Miss Peregrine's home for peculiar children

  • Reading level: Ages 13 and up
  • Hardcover: 352 pages
  • Publisher: Quirk Books; Book Club edition (June 7, 2011)
  • ISBN-10: 1594744769
  • Author: Ransom Riggs
  • Cover art: I like it very creepy.
  • Overall rating: **** out of 5 stars
  • Obtained: My personal bookshelf.









Miss Peregrine's home for Peculiar Children by Ransom Riggs
Reviewed by Moirae the fates book reviews.
A mysterious island.

An abandoned orphanage.

A strange collection of very curious photographs.

It all waits to be discovered in Miss Peregrine’s Home for Peculiar Children, an unforgettable novel that mixes fiction and photography in a thrilling reading experience. As our story opens, a horrific family tragedy sets sixteen-year-old Jacob journeying to a remote island off the coast of Wales, where he discovers the crumbling ruins of Miss Peregrine’s Home for Peculiar Children. As Jacob explores its abandoned bedrooms and hallways, it becomes clear that the children were more than just peculiar. They may have been dangerous. They may have been quarantined on a deserted island for good reason. And somehow—impossible though it seems—they may still be alive.

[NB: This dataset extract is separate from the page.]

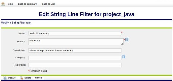 If a string line filter is local to the Rule Set, it can be modified and/or deleted. Click on its name hyperlink from the Edit String Line Filters list. This displays the Edit String Line Filter page, shown below. All fields are modifiable. Press Update to save any changes. Press Delete to delete the string line filter. After updating or deleting, the Edit String Line Filters list redisplays, showing your changes.

A spine-tingling fantasy illustrated with haunting vintage photography, Miss Peregrine’s Home for Peculiar Children will delight adults, teens, and anyone who relishes an adventure in the shadows.

(Synopsis provided by goodreads)

This is a perfect book for Halloween. The story itself isn't scary per-say, but the pictures that the book is chalk-full of are very creepy in an odd eerie sort of way.
The story was very original, the characters were fun and unique.  It's a hard one to review and not giveaway anything.  This is a book where literally anything is possible. I do wish that grandpa was in the book himself, not just spoken about, but there are obvious reasons why this can't be. 


I liked Enoch's character and the character of Emma. Emma was really sweet but she also had a very suspious side to her, she wasn't very trusting. 


The stories that Grandpa tells are set when he was a child during WWII. He speaks of "monsters" which has a dual meaning of monsters and in my opinion the Nazi regime, as we learn about Grandpa and some of the other children being Jewish. I thought it was a nice touch to have this little historical theme within the book.


All in all I liked the book and I think most people would like it, the pictures really added to the book. It's a fairly fast read and well worth it.